WHAT YOU ARE ASKED TO DO> When a picture appears among the records, leave it out, and copy all else exactly.

Dataset excerpts
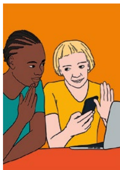
Medienarbeit leisten: S. 19
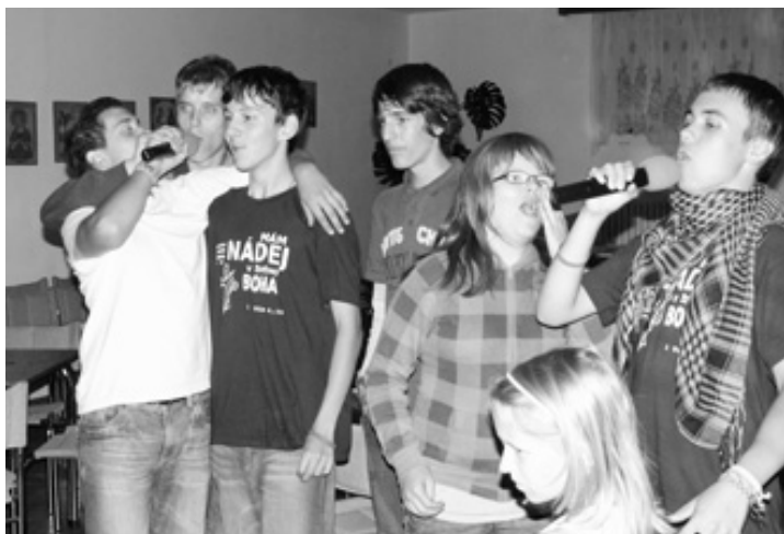
Do sobotňajšieho večerného programu sa zapojila hlavne mládež
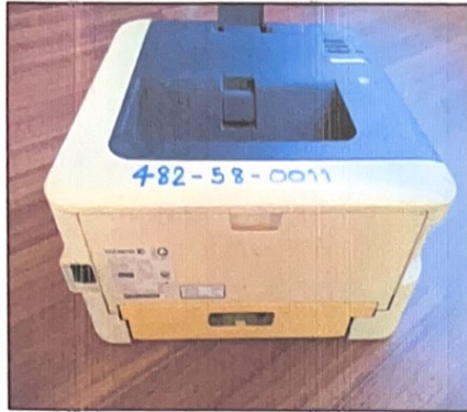
(๑).เครื่องพิมพ์ ขาวดำ Fuji Xerox รุ่นp๒๖๕dw รหัสครุภัณฑ์ ๔๘๒-๕๘-๐๐๑๑ วันที่ได้มา ๒๙ ก.ย.๖๐ จำนวนเงิน ๕,๕๐๐ บาท
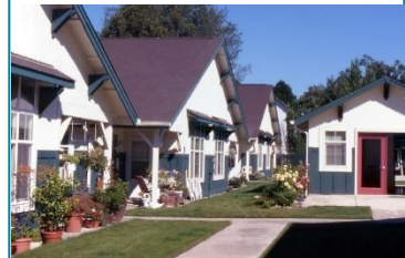
Arriba: Dúplex En Sheridan Abajo: Cuádruplex En Salem
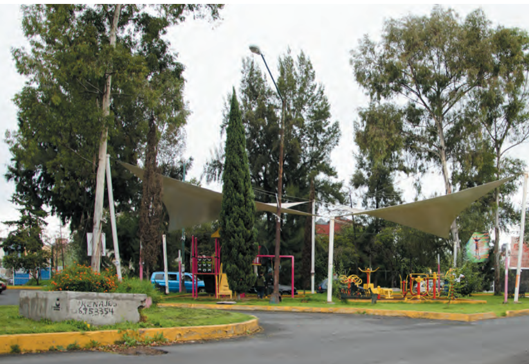
Imagen 18. La colonia estrella tiene una traza muy particular, con mucho movimiento, provocado por el trazo de algunas avenidas principales que cuentan con un camellón al centro y que van generando algunos resquicios, donde se han diseñado espacios de convivencia y áreas de juego infantil.

y Lusitania (Italiana), Frigia (Turquía).
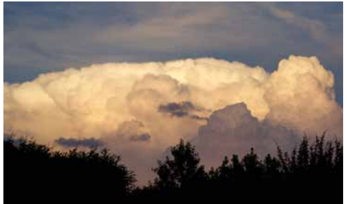
Envoyé par Guy Delpierre "Nuages sur Bottens", un soir de juillet 2014.
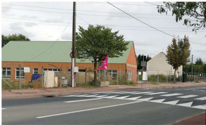
Le nouveau ralentisseur sécurisera l'entrée du futur groupe scolaire

Avant cela, c'est l'entrée du futur groupe scolaire qui était concernée par un nouvel aménagement : un ralentisseur a été installé par GPS&O afin de sécuriser les abords de l'école.
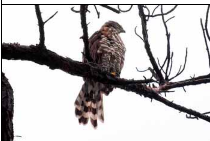
大雨過後鳳頭蒼鷹意外現身，令人驚豔
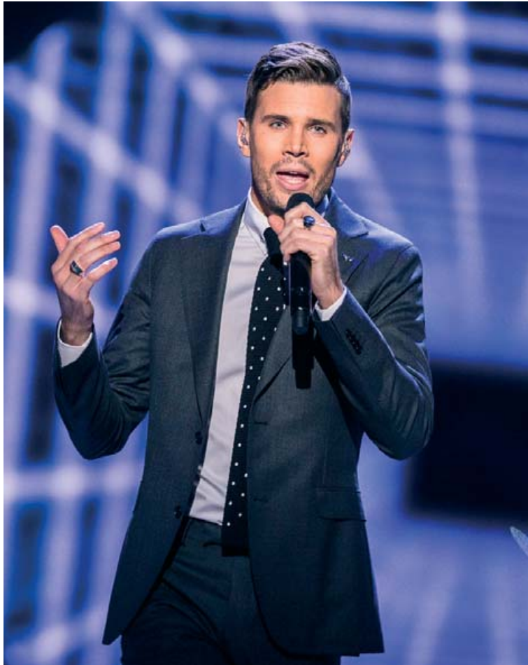
Robin Bengtsson varð í fimmta sæti í keppninni í Kiev í fyrra.
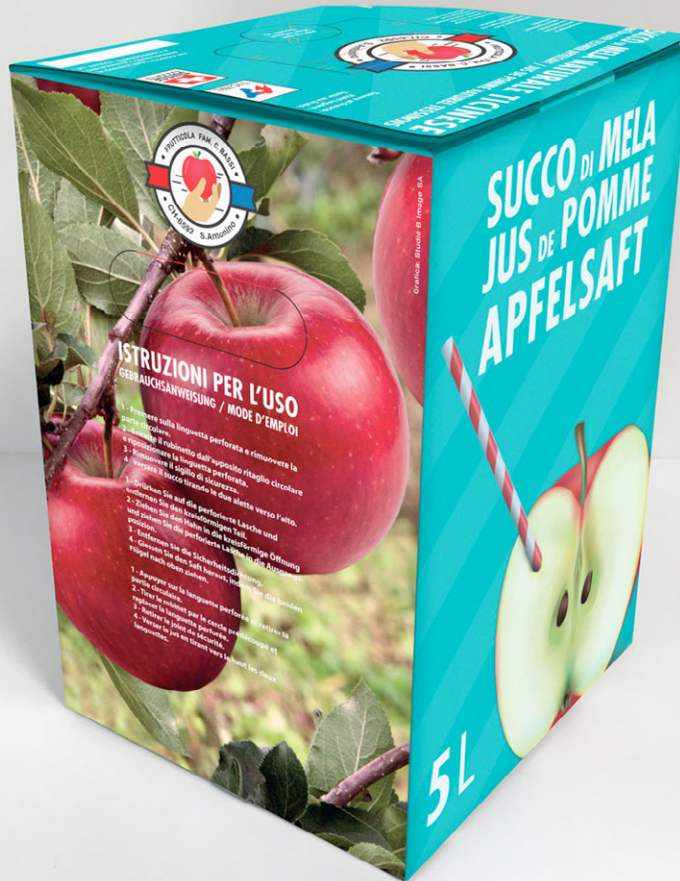
Comunicazione di Prodotto
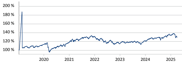
International Asset Management Fund - Top Ten Classic R
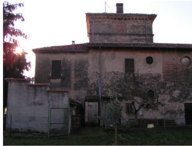
6. Edificio 1, parti 1a e 1b. Fronte nord.
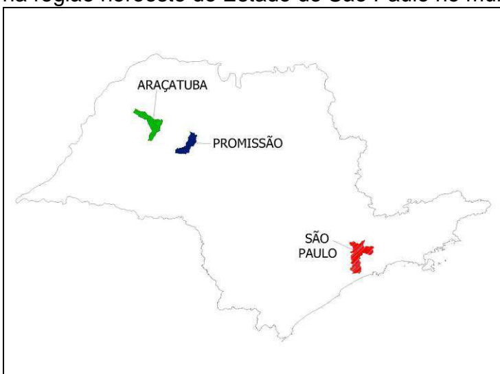
Mapa 1. Mapa do Estado de São Paulo com a localização do município de Promissão.

A área de estudo compreende a bacia hidrográfica do Córrego Gonzaga, localizado na região noroeste do Estado de São Paulo no município de Promissão.
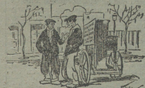
EL MANUBRIO LIBRE.—Y si el alcalde se pone tonto y no nos deja tocar... vamos a la huelga.

los hábitos, intrigas y banderías de una política funesta cuyos pecados purgamos aún.
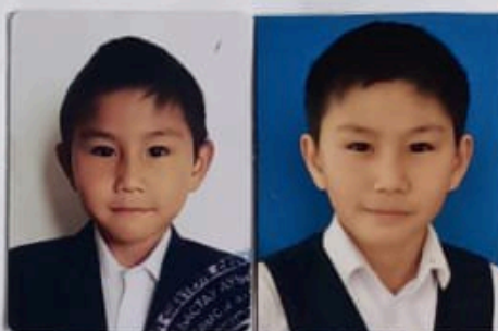
ФОТО 10-11 (12) сынып 10-11 (12) класс
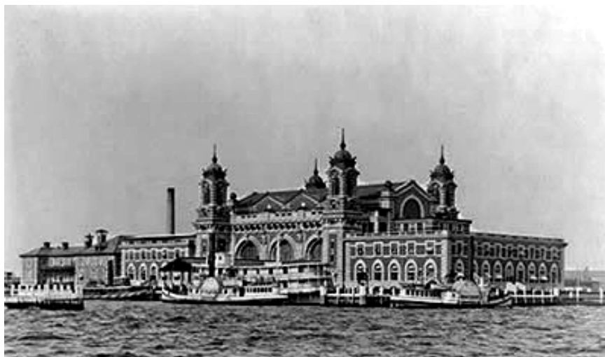
Immigrationskontrollplatsen på Ellis Island, New York.

För den som vill forska kring utvandringen till Amerika och andra länder finns det idag en uppsjö av olika sökmotorer och register tillgängliga på Internet. Detta underlättar givetvis forskandet väldigt mycket, samtidigt som de amerikanska källorna oftast saknar t.ex. konkreta födelsedata att förlita sig på och arbeta efter. Gapet är stort mellan de svenska, oftast mycket noggrant förda och detaljrika, kyrkoböckerna och den amerikanska folkräkningen m.fl. källor!
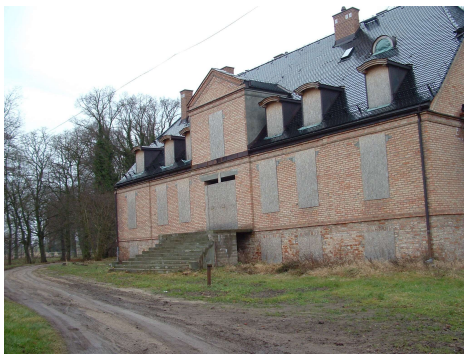
Dwór w Rurce- stan obecny
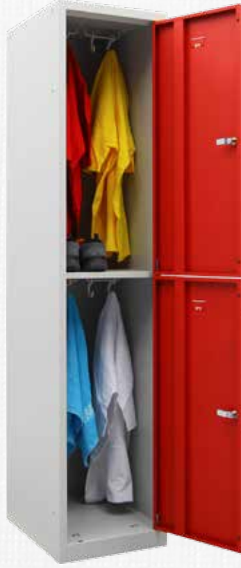
🔍 PHT-20 074
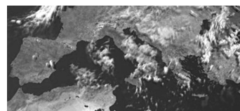
Mapa de la zona del Mediterrani

Es van firmar acords d'associació amb Malta, Xipre i Turquia; amb Israel, un acord de lliure comerç (amb un protocol d'associació), i amb els països del Magrib (el Marroc, Algèria i Tunísia), del Masrek (Egipte, Jordània, Síria i Líban) i l'antiga Iugoslàvia es van signar acords de cooperació.
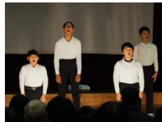
「美しいハーモニー」

各学年部の発表に共通した特徴のひとつが、地域の数多くの皆様に協力していただいた学習をもとにしていることです。みなさまから「感動した!」「1人ひとりが輝いていた!」「素晴らしい子どもたち、素晴らしい先生たち!」など、多くのお褒めの言葉をいただきました。
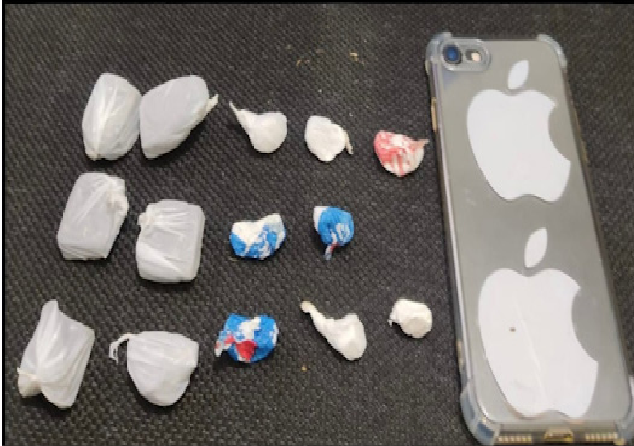
Porções de cocaína e maconha encontradas em posse do homem

Diante os fatos o homem foi conduzido ao Plantão Policial onde permaneceu à disposição da Justiça.
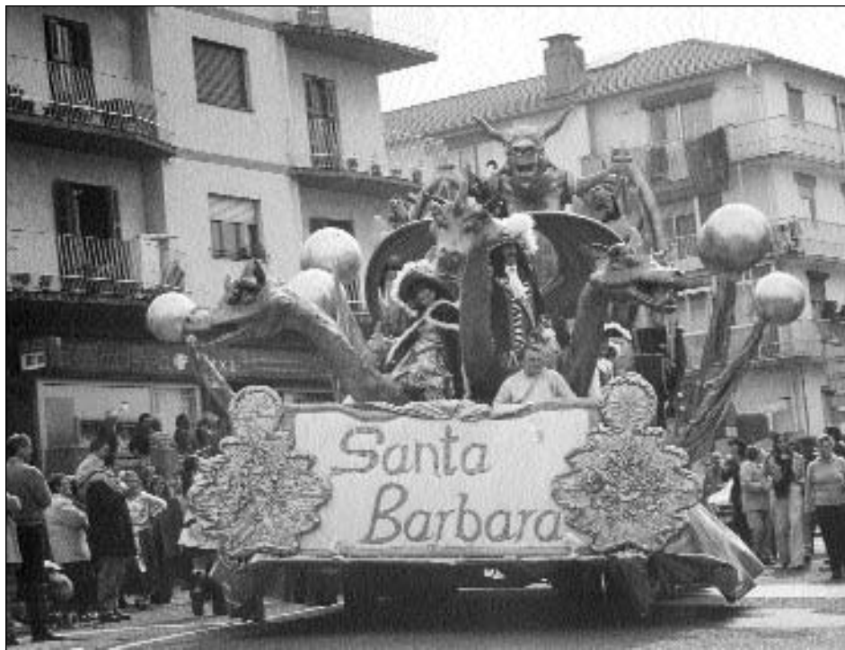
Altza al abordaje

altzatarra han pasado por las diferentes categorías de la competición, pero en general se puede decir que para poder acceder a la categoría de mediana una comparsa debe contar con 80-50 participantes, mientras que las pequeñas cuenta con menos de 50. Con esto podemos hacer un cálculo rápido, el carnaval altzatarra mueve a un promedio de 200 personas. En general jóvenes (chicas mayoritariamente) dispuestos a bailar y a darlo todo por una fiesta que cuenta con el acicate de acercarse a su gente, a los de casa.
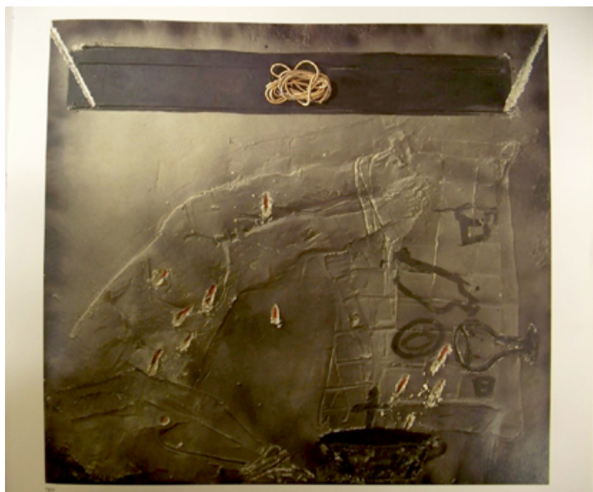
Figura 8. Composición y cuerda . 1998.

en los que los cuerpos se encuentran fuertemente ligados a la representación de la cama, pero haciendo énfasis en lo sexual y no en lo relativo a la enfermedad. Pronto se unen también figuras con apariencia de grafiti descuidado, meros contornos dibujados mediante grattage , o con espray o pincel, que no remiten ya a un cuerpo real sino a su representación sobre el soporte, como si un vándalo hubiera querido dejar su impronta sobre la obra de arte. No hay materia ni carne ni piel, y las piernas (el motivo más recurrente), los troncos y los brazos, huecos, dejan ver el fondo a su través. En ocasiones, la línea que intenta definir estas formas es tan fina, o se posa sobre un fondo tan oscuro o de materia tan potente, que los amagos corpóreos prácticamente se pierden, hundidos entre camas, mesas y cruces de presencia mucho más rotunda. Las figuras se ven absorbidas por su propio entorno sin poder reafirmarse como seres con voluntad propia.
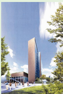
▲中央棟新築及び6号館新築 (完成予定図)
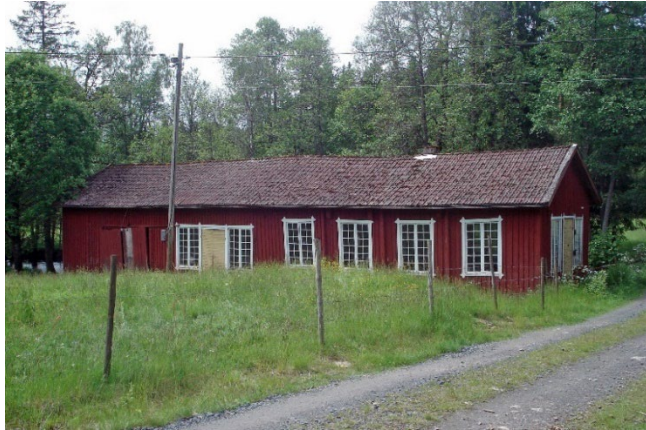
Hjulverkstaden i Kvarnaberg, byggnadsminne.
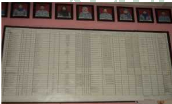
Gambar 13 : papan nama guru dan tenaga kependidikan
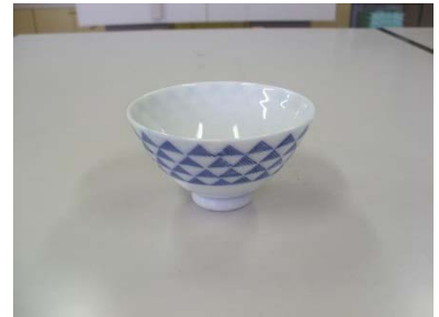
飯茶碗 (うろこ紋) 4 客
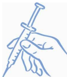
Σχήμα 7: Έτοιμοι για ένεση
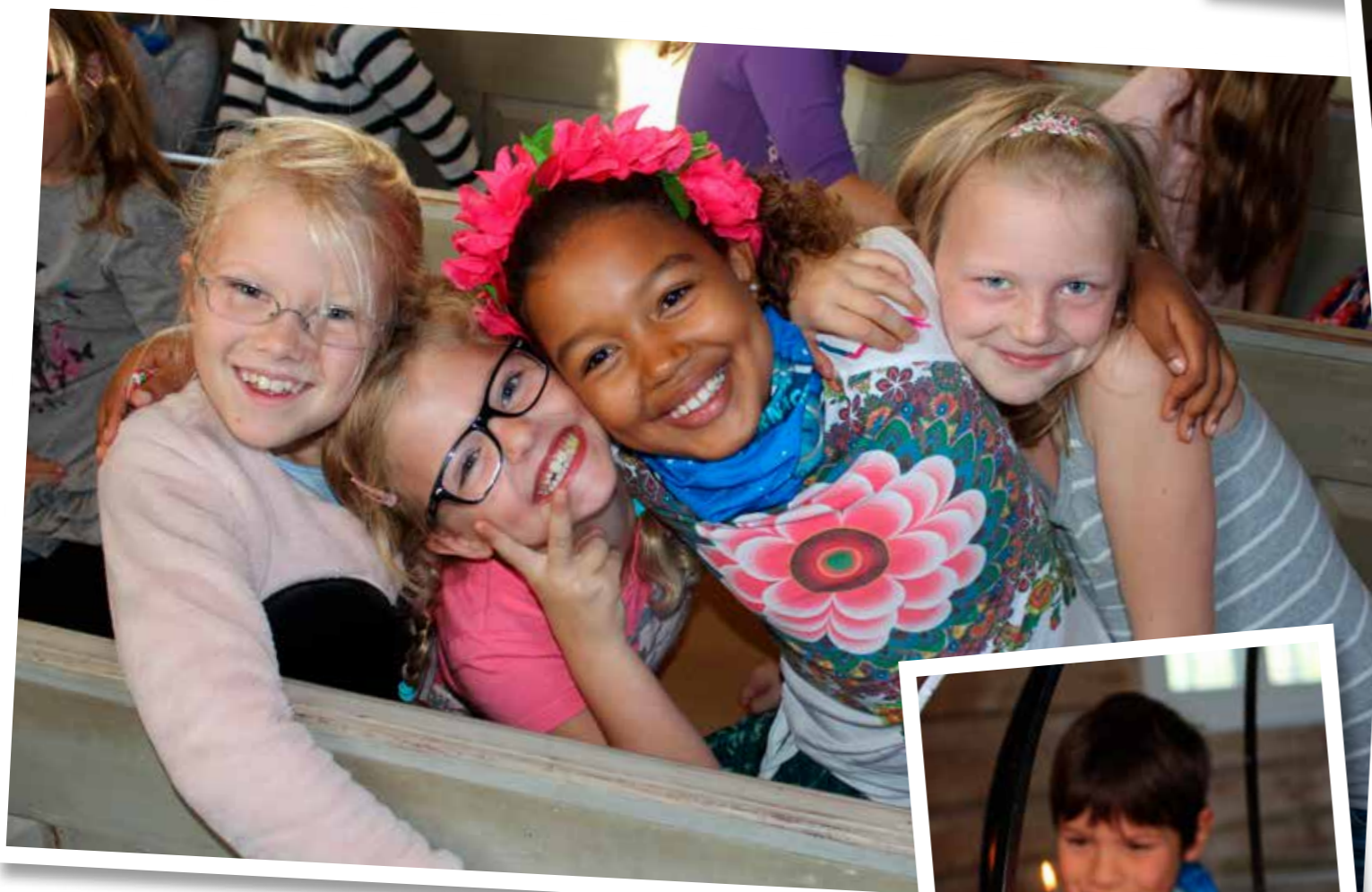
Glade barn på tårnagenthelg

«Det betyr at han gir seg selv for meg, da!»

SOLUTION TO THIS EXERCISE>
Medienarbeit leisten: S. 19
Do sobotňajšieho večerného programu sa zapojila hlavne mládež
(๑).เครื่องพิมพ์ ขาวดำ Fuji Xerox รุ่นp๒๖๕dw รหัสครุภัณฑ์ ๔๘๒-๕๘-๐๐๑๑ วันที่ได้มา ๒๙ ก.ย.๖๐ จำนวนเงิน ๕,๕๐๐ บาท
Arriba: Dúplex En Sheridan Abajo: Cuádruplex En Salem
Imagen 18. La colonia estrella tiene una traza muy particular, con mucho movimiento, provocado por el trazo de algunas avenidas principales que cuentan con un camellón al centro y que van generando algunos resquicios, donde se han diseñado espacios de convivencia y áreas de juego infantil.

y Lusitania (Italiana), Frigia (Turquía).
Envoyé par Guy Delpierre "Nuages sur Bottens", un soir de juillet 2014.
Le nouveau ralentisseur sécurisera l'entrée du futur groupe scolaire

Avant cela, c'est l'entrée du futur groupe scolaire qui était concernée par un nouvel aménagement : un ralentisseur a été installé par GPS&O afin de sécuriser les abords de l'école.
大雨過後鳳頭蒼鷹意外現身，令人驚豔
Robin Bengtsson varð í fimmta sæti í keppninni í Kiev í fyrra.
Comunicazione di Prodotto
International Asset Management Fund - Top Ten Classic R
6. Edificio 1, parti 1a e 1b. Fronte nord.
Mapa 1. Mapa do Estado de São Paulo com a localização do município de Promissão.

A área de estudo compreende a bacia hidrográfica do Córrego Gonzaga, localizado na região noroeste do Estado de São Paulo no município de Promissão.
EL MANUBRIO LIBRE.—Y si el alcalde se pone tonto y no nos deja tocar... vamos a la huelga.

los hábitos, intrigas y banderías de una política funesta cuyos pecados purgamos aún.
ФОТО 10-11 (12) сынып 10-11 (12) класс
Immigrationskontrollplatsen på Ellis Island, New York.

För den som vill forska kring utvandringen till Amerika och andra länder finns det idag en uppsjö av olika sökmotorer och register tillgängliga på Internet. Detta underlättar givetvis forskandet väldigt mycket, samtidigt som de amerikanska källorna oftast saknar t.ex. konkreta födelsedata att förlita sig på och arbeta efter. Gapet är stort mellan de svenska, oftast mycket noggrant förda och detaljrika, kyrkoböckerna och den amerikanska folkräkningen m.fl. källor!
Dwór w Rurce- stan obecny
🔍 PHT-20 074
Mapa de la zona del Mediterrani

Es van firmar acords d'associació amb Malta, Xipre i Turquia; amb Israel, un acord de lliure comerç (amb un protocol d'associació), i amb els països del Magrib (el Marroc, Algèria i Tunísia), del Masrek (Egipte, Jordània, Síria i Líban) i l'antiga Iugoslàvia es van signar acords de cooperació.
「美しいハーモニー」

各学年部の発表に共通した特徴のひとつが、地域の数多くの皆様に協力していただいた学習をもとにしていることです。みなさまから「感動した!」「1人ひとりが輝いていた!」「素晴らしい子どもたち、素晴らしい先生たち!」など、多くのお褒めの言葉をいただきました。
Porções de cocaína e maconha encontradas em posse do homem

Diante os fatos o homem foi conduzido ao Plantão Policial onde permaneceu à disposição da Justiça.
Altza al abordaje

altzatarra han pasado por las diferentes categorías de la competición, pero en general se puede decir que para poder acceder a la categoría de mediana una comparsa debe contar con 80-50 participantes, mientras que las pequeñas cuenta con menos de 50. Con esto podemos hacer un cálculo rápido, el carnaval altzatarra mueve a un promedio de 200 personas. En general jóvenes (chicas mayoritariamente) dispuestos a bailar y a darlo todo por una fiesta que cuenta con el acicate de acercarse a su gente, a los de casa.
Figura 8. Composición y cuerda . 1998.

en los que los cuerpos se encuentran fuertemente ligados a la representación de la cama, pero haciendo énfasis en lo sexual y no en lo relativo a la enfermedad. Pronto se unen también figuras con apariencia de grafiti descuidado, meros contornos dibujados mediante grattage , o con espray o pincel, que no remiten ya a un cuerpo real sino a su representación sobre el soporte, como si un vándalo hubiera querido dejar su impronta sobre la obra de arte. No hay materia ni carne ni piel, y las piernas (el motivo más recurrente), los troncos y los brazos, huecos, dejan ver el fondo a su través. En ocasiones, la línea que intenta definir estas formas es tan fina, o se posa sobre un fondo tan oscuro o de materia tan potente, que los amagos corpóreos prácticamente se pierden, hundidos entre camas, mesas y cruces de presencia mucho más rotunda. Las figuras se ven absorbidas por su propio entorno sin poder reafirmarse como seres con voluntad propia.
▲中央棟新築及び6号館新築 (完成予定図)
Hjulverkstaden i Kvarnaberg, byggnadsminne.
Gambar 13 : papan nama guru dan tenaga kependidikan
飯茶碗 (うろこ紋) 4 客
Σχήμα 7: Έτοιμοι για ένεση
Glade barn på tårnagenthelg

«Det betyr at han gir seg selv for meg, da!»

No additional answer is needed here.